Peut-on parler de santé des sols ? Si oui, pourquoi et comment la faire prospérer ? Ces questions ont été abordées par Joséphine Peigné, enseignante-chercheuse à l’Isara-Avignon, lors d’une conférence au dernier Salon Tech & bio. En agronomie, il est plutôt d’usage de parler de fertilité des sols, qui a d’abord été définie par l’aptitude des sols à fournir des éléments minéraux pour la production des plantes, avec une prise en compte progressive d’autres services utiles aux agrosystèmes, comme la régulation des bioagresseurs du sol, le maintien d’une structure favorable...
Puis, la notion de qualité des sols a émergé aux États-Unis, pour mieux prendre en compte les services écosystémiques attendus : favoriser la productivité, mais aussi maintenir la qualité de l’air, de l’eau, la santé et l’habitat humains.

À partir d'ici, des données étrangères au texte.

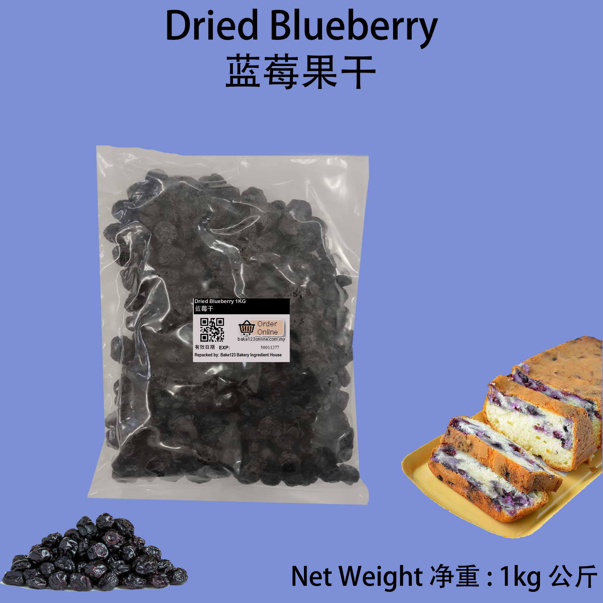 Product Name 产品名称 : Dried Blueberry / 蓝莓干 Net Weight 净重 : 1kg 公斤
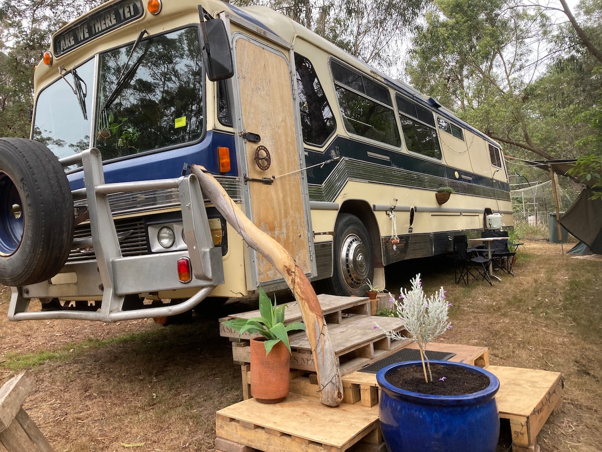Welcome to our new Retired Bus In The Womabarra's. This rustic Bus is suited to people who like to go back to basics and love the camping bush vibes. It is set in the sub-tropical basic garden of my home in Wombarra. Nestled between the Illawarra Escarpment and beach, surrounded by nature, peaceful bird singing surroundings. She comfortably accommodates 6 guests. The location is 2 minutes walk from the station and 7 minutes walk to stunning, unspoiled, surf beaches and rock pools.
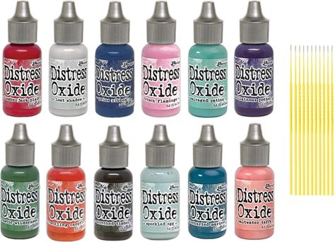 Ranger Distress Oxide Bundles - 12 Water-Reactive Distress Oxide Ink Colors 0.5 Fl Oz Bottles - With Trebbies Detail Sticks (Set 6-12 Coordinating
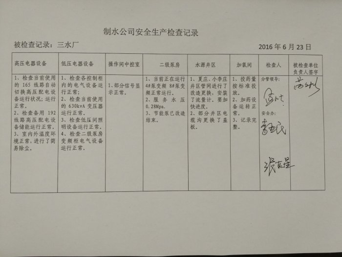 三水厂2016年6月安全生产检查记录
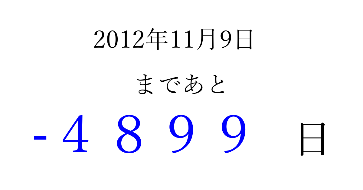 2012年11月9日(金)は もう 0000 日過ぎました 追加すると、トップページからすぐ選べるようになります ※2026/04/09現在の結果です。 最新の状態に更新する ↓シェアして、タイムライン上にカウントダウンを表示しよう!↓ 📤 この結果を共有する Tweet シェア Threads Bluesky 別の日付でカウントダウン 2012年11月のカレンダー このページをブックマークに追加すると、いつでもカウントダウンを確認できます。 (PC: Ctrl+D / Mac: ⌘+D) hitome-notes.comでは以下のページも運営しています。 指定日と期間から日付を計算 | ガチャ確率計算・シミュレーション | プライバシー・ポリシー 運営者:Avocado
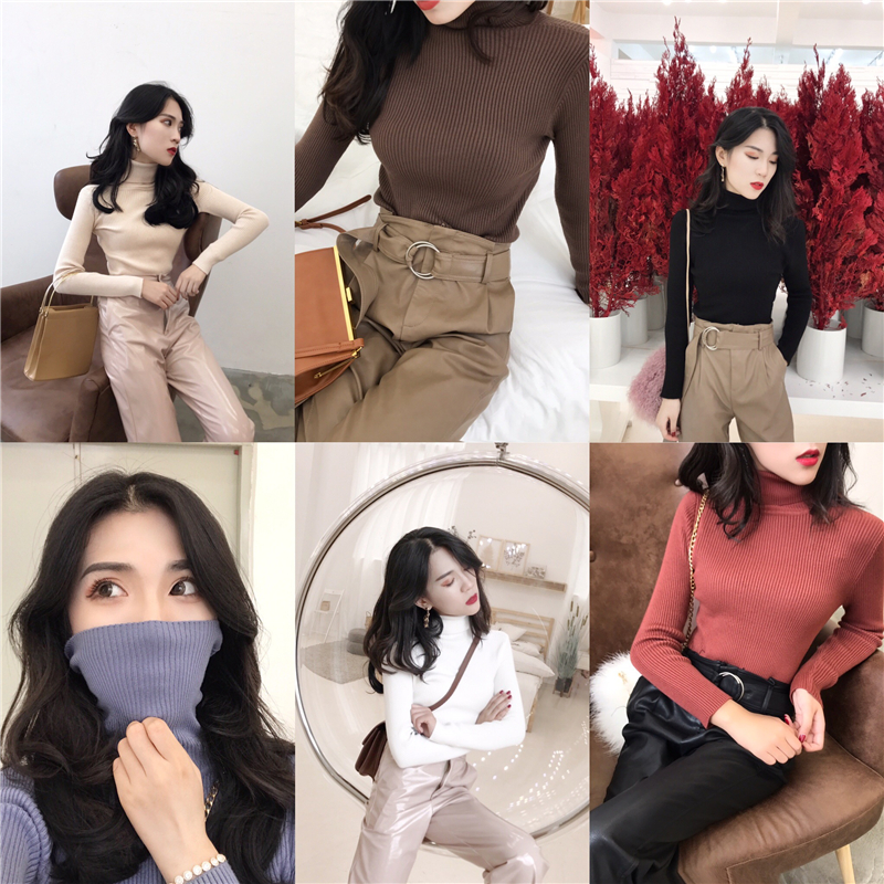長袖2018新款秋季上衣韓版修身百搭彈力柔軟高領復古針織衫打底女
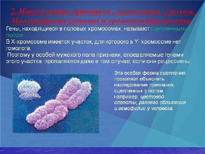 • Болезни, сцепленные с полом , в подавляющем большинстве случаев обусловлены мутациями генов на Ххромосоме , поскольку Y-хромосома несет небольшое число генов. С Yхромосомой сцеплены некоторые нарушения половой дифференцировки.
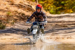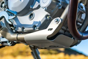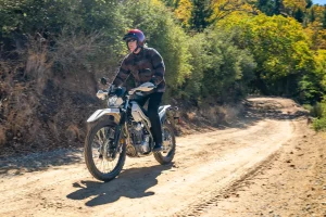 Riding off-road, even on fairly technical terrain, the Sherpa S does, indeed, make it easy. Confidence is enhanced by the low seat height, and the suspension does an impressive job of resisting bottoming, as long as both wheels remain in contact with the ground. Even minor air blows through the suspension on landing, reminding you that this is a motorcycle for boondocking. When riding at a faster pace, respect its limitations. Watch out for rocks, as 8.5 inches of ground clearance is less than we’re used to on a dirt bike. Even though there’s a skid place, no one wants to hear a clank.

Enfin, avec la prise en compte croissante de la biologie des sols, a émergé le concept de santé des sols, dérivé de l’idée que l’ensemble du vivant est interconnecté (concept one health).
La santé d’un sol se définit actuellement comme sa capacité à fonctionner comme un système vivant. En agriculture, la santé d’un sol va être liée à la quantité et à la qualité des organismes vivants qu’il contient, au pool de matières organiques qui fournit leur nourriture et à la structure qui constitue leur habitat.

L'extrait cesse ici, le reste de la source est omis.